Эти идеи оказались востребованы лишь в 2010-х: после «консервативного поворота Путина» (Мюнхенская речь 2007 года), мировых экономических кризисов, провала идеи «Европа от Атлантики до Владивостока» и ряда других событий, обостривших конфронтацию РФ со странами евроатлантики. Страна, многие годы ориентированная на США и Европу, наконец, обратилась к Востоку: «внутреннему» и «внешнему». Пришло осознание, что время доминирующего влияния евроатлантической цивилизации уходит. Со второй половины ХХ века именно она задавала правила «большой игры»: игры по правилам США и контролируемой ими «большой Европы». Но к концу 2010-х правила стали меняться. На это обратили внимание аналитики Совета по внешней и оборонной политике. Так и не решившись окончательно порвать с европейским курсом, они предложили МИД России проект создания «Большой Евразии».

Проект «Большая Евразия»

Он базировался на верном обобщении изменения баланса факторов, определяющих современную мировую динамику. Если ранее система отношений между государствами опиралась на международное право и осуществлялась через систему международных институтов, то теперь во главу угла внешней политики национальных государств ставился их силовой потенциал: «В мире установился "закон джунглей", о котором под возмущенные крики предупреждали русские». И в этой «борьбе без правил мы, русские, с нашей историей, лихостью, идеологической незашоренностью, готовностью к риску имеем конкурентное преимущество. Надо лишь расстаться с глупостью следования в русле других правил и институтов, которые партнеры беспардонно отбрасывают. Если миру предлагается "закон джунглей", нужно играть по "законам тайги"» [3].
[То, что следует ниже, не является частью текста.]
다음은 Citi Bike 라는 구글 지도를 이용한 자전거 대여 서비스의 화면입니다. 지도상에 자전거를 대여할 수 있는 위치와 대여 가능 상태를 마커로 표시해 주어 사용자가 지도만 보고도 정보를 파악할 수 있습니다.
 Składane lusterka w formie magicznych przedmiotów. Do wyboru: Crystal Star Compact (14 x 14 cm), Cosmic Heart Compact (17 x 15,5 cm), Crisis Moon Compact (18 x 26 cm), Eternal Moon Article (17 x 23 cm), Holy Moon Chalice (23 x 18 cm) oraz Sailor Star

Устаревание западоцентризма в политике и мышлении означает перспективность движения России в направлении «Большой Евразии» — нового концептуального пространства «геополитического, геоэкономического и геоидеологического мышления, задающего вектор взаимодействия государств континента». Оно должно быть нацелено «на совместное экономическое, политическое, культурное возрождение и развитие десятков в прошлом частью отсталых или подавлявшихся евроазиатских стран, превращение Евразии в центр мировой экономики и политики» [4. С.275].
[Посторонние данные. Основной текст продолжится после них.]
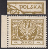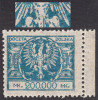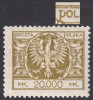 1924 Duży orzeł na tarczy barokowej, marginesowy znaczek za 20000 mk. z niekatalogowanym błędem na poz.41 "kropka przed literą P w POLSKA", gwarancja i opis Walocha. | Fi.173 B Mi.192 |

По мнению авторов проекта, помимо России и Китая, он будет включать в себя страны Восточной, Юго-Восточной и Южной Азии, где все будут договариваться и налаживать сотрудничество [4. С.276-277]. Правда, было не понятно, как быть с неизбежной экономической и политической конкуренцией независимых государств, вероятным соперничеством Китая, Индии и России. Однако эта идея была (и остается) привлекательной в силу ее социокультурного характера: оппонируя прежнему проекту «Большой Европы» (от Атлантики до Владивостока), «Большая Евразия» представляла собой макрорегиональный проект совместного цивилизационного развития, куда по мнению его разработчиков, войдут и некоторые страны Европы. «Если рассуждать о будущей картине мира, то Европа… разобьется на части: одна будет в системе "Америка+" с США, а другая — в Евразии. Уже сейчас примерно ясно, где будет проходить граница. Вопрос только в том, куда решит пойти Германия... Скорее всего в Евразию» [9].

История показала ошибочность этих построений. Западные страны не только не изъявили желания встраиваться в проект «Большая Евразия», но и проигнорировали предложенный В. В. Путиным инвариант этого проекта: формирование «Большого евразийского партнерства», которое должно было бы объединить общеконтинентальные усилия с участием стран ЕАЭС, ШОС, АСЕАН и быть открытом для стран ЕС. Последние избрали политику силового давления на Россию (расширения НАТО) и санкций. А страны иной континентальной принадлежности больше интересовала возможность использования России в качестве транзитного коридора, поставщика сырьевых ресурсов, современного оружия, космических услуг (объем которых неуклонно сокращается) и, конечно, в качестве «толкача» для включения в состав непостоянных членов Совета Безопасности ООН. Россия в этом вопросе шла им навстречу. Но ее внешнеполитические возможности были ограничены, а экономическое положение в начале 2020-х, особенно после введения санкций, оставляло желать лучшего. Единственное, что действительно сближало и сближает Россию с ее главными партнерами в Евразии (Индией и Китаем) — это их объективное ценностно-смысловое противостояние Западу в качестве особых «стран-цивилизаций», вынужденных осуществлять политику «догоняющего развития» без утраты своей цивилизационной идентичности.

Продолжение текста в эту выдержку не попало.